We realize we cannot outrun the troll nor defeat it by throwing rocks at it. However, we come up with a better strategy: we jump off a ledge, and when the troll follows, its stiff legs crack under its own weight. This is analogous to what happens in an egg drop.

201401

image of detector Optimizing Scintillation and Light Transmission for Use in a High Energy Particle Detector (2014)
Improved data transmission in a light-based particle detector by finding the optimal pair of light-producing and light-propagating materials.

Advisors: Dan Karmgard, Mark Vigneault (Notre Dame)

Collaborator: Andrew Henderson (assisted in data collection)

Presented at: Indiana Junior Science and Humanities Symposium 2014, Northern Indiana Regional Science/Engineering Fair 2014

Link: poster

Summary:
The Compact Muon Solenoid (CMS) detector is a general-purpose particle detector located on the Large Hadron Collider at CERN. It gathers particle collision data in the form of light: particle sprays pass through scintillating tiles lining the interior of the detector, causing the tiles to emit light, which is then wavelength-shifted and sent to the data processing center via fiber optic cables.

image of detector

The goal of my project was to find the optimal pair of scintillating and wavelength-shifting plastics, to be replaced during the detector upgrade. Using a small radioactive source in a light-tight box, I collected a light output intensity histogram for each pair of scintillating and wavelength-shifting plastics, and found a pair which outperformed the pair previously used in the detector.

image of radioactive source

I also found an optimal pairing for long optical fiber arrangements, where minimizing light attenuation becomes more important than maximizing light generation.

201301

image of detector Making a Matching Layer for Acoustic Sensors for a COUPP Dark Matter Detector (2013)
Improved data transmission in a sound-based particle detector by creating a sound-absorbing material.

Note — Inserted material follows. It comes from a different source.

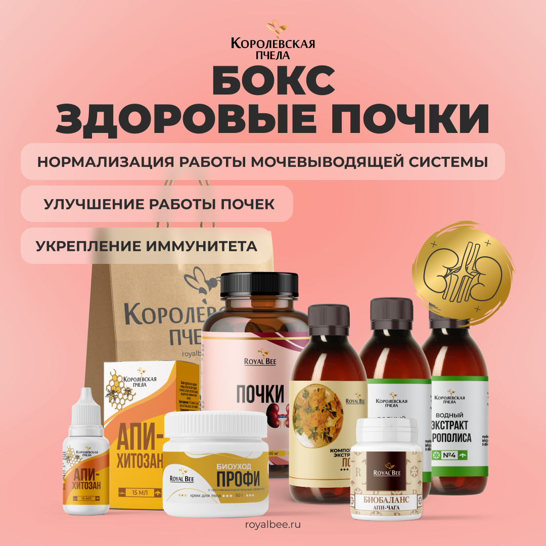 АПИ-ХИТОЗАН, 15 мл (1 шт.), Апи-комплекс для ПОЧЕК, 60 капсул (1 шт.), Композиция экстрактов "Почки", 100 мл (1 шт.), Экстракт прополиса водный №4, 100 мл (2 шт.), Крем для тела "Биоуход" ПРОФИ, 50 г (1 шт.), Апи-чага, 20 г (1 шт.), Крафтовый пакет (1 шт.) |

Advisor: Ilan Levine (IU South Bend)

Presented at: Indiana Junior Science and Humanities Symposium 2013, Northern Indiana Regional Science/Engineering Fair 2013, Hoosier Science/Engineering Fair 2013, Intel International Science/Engineering Fair 2013, Indiana Academy of Science Talent Search 2013

Link: poster, writeup, data (zip)

Summary:
The COUPP experiment at Fermilab attempts to detect dark matter by analyzing the sound of collisions in a superheated liquid. When a particle whizzing through the air collides with a particle of the liquid, the energy from the collision creates a bubble in the liquid, and the superheated temperature of the liquid allows the bubble to greatly expand. The formation and expansion of the bubble sends sound waves throughout the liquid, which are picked up by sound sensors attached to the container in which the liquid resides. Each particle has its own “bubble sound” fingerprint, and the sound data can be used to identify the type of particle involved in the collision.

image of detector

The goal of my project was to create an intermediate material to put between the container and the sensors, that would increase sound transmission by better matching the "acoustic impedances" of the container and sensor and thus reducing the amount of reflected sound. I engineered a material with the correct acoustic impedance by mixing together varying amounts of tungsten powder and epoxy, and it unexpectedly damped the sound signal rather than amplifying it, possibly due to density fluctuations within the mixture.

image of signal

However, the sound-damping material still found use as a backing layer on the sensors, where it improved sound transmission by reducing excess vibrations and ringing within the sensors.